Though not from everyone. Jhamandas met with eight pharmaceutical companies to potentially partner with, but they were wary of the nature of the drugs being peptides, or chains of amino acids, the building blocks of proteins. These can be barred by the blood-brain barrier, a kind of filter built into blood vessels that protects the brain. Those peptides can also be degraded by enzymes in the blood, and, in general, are extremely expensive to make. The other challenge was that the end product was likely in a needle — a potential marketing nightmare.
Then, eight years ago, Jhamandas was giving a lecture attended by Dr. Lorne Tyrrell, founding director of the Li Ka Shing Institute of Virology at the University of Alberta. The institute uses artificial intelligence for drug design led by top scientists and global collaborations. And, conveniently, it’s located near Jhamandas’ lab.
Tyrrell immediately wanted to partner with Jhamandas. “There’s been a few times in my career where I saw certain results that really said: ‘This is different,’” says Tyrrell. It gave him the same visceral feeling he had experienced years prior, when he sensed he was on the brink of something big. That thing was Lamivudine, the first oral antiviral agent to treat chronic hepatitis B. Pharmaceutical and biotechnology giant GlaxoSmithKline has sold around 11 billion doses of that medication since it was released in 1998.

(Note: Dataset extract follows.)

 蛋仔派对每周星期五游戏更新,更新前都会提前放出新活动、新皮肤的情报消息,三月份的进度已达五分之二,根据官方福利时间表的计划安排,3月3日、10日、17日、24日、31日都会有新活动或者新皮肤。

As part of the partnership, Jhamandas gained access to the Li Ka Shing commercialization hub and computational drug discovery platform, which hosts a slate of AI-powered supercomputers that create the formulations that can lead to actual medications. Using that technology, the team screened seven million compounds (created by a team of in-house medicinal chemists) in just three weeks. “This is a very demanding area, requiring the involvement of many specialist drug developers, particularly as these drugs need to cross the blood-brain barrier,” says Sir Michael Houghton, director of the Li Ka Shing Applied Virology Institute and 2020 Nobel Prize winner.

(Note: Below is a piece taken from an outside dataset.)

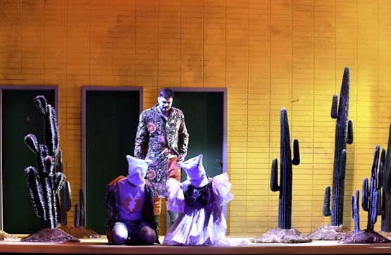 Das Konzept funktioniert also einigermaßen, und selbst, dass die Kostüme (Ausstattung: Adam Rigg) teilweise tatsächlich aus einer Barockoper stammen könnten, mag in einer Welt der Hippies stimmen. Und dass Glücksgöttin Fortuna hereinschwebt … Las Vegas ist ja gar nicht so weit. Kurz, man gewöhnt sich an die Motel-Umwelt, und trotz Übertitel (sie sind nicht immer gut zu lesen) kommt man ohnedies nicht hinter alle Geheimnisse der Handlung: Die ist nämlich schandbar kompliziert.

Along the way, Jhamandas has drawn increased funding from multiple sources and formed additional partnerships, such as with Applied Pharmaceutical Innovations, a local, not-for-profit organization that can help them develop a drug for market. Though he acknowledges that his team is not as well positioned as the multinational pharmaceutical companies, Jhamandas believes they will move their agenda forward. “The end game,” he says, “is to develop a partnership with Big Pharma so you can move this quickly for patients and their families.”

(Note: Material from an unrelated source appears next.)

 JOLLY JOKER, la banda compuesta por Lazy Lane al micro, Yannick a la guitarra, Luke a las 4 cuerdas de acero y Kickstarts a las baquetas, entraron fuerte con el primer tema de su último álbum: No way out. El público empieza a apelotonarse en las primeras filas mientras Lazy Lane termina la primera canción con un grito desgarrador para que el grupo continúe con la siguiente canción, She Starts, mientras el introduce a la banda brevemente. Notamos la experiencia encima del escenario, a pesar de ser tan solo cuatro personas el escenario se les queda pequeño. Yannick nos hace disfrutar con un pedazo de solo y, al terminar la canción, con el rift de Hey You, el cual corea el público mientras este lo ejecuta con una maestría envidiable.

Identifying and launching a treatment for any health condition, let alone Alzheimer’s, is a lengthy process. But persistence can pay off. Jhamandas and his team now realize that their original drug formulations may actually be brought to market. Over the next few years, their work will be subjected to toxicity studies and several phases of trials before approvals by Health Canada. But there’s potential for either an injection, pill or possibly both to become prescribed treatments.
While Jhamandas is persistent, being patient may be more challenging. He feels a sense of urgency to keep moving before age and all its related complications catch up to him. Though he could pass for a decade younger and still moves around the lab with ease, it’s not lost on him that he’s increasingly at risk for the very disease he’s spent his life’s work trying to cure.
“There are no guarantees in science or life. But I want to know we gave it our very best and spared no effort,” he says. “If I don’t get to sit on a beach for a few more years, it’s worth it.”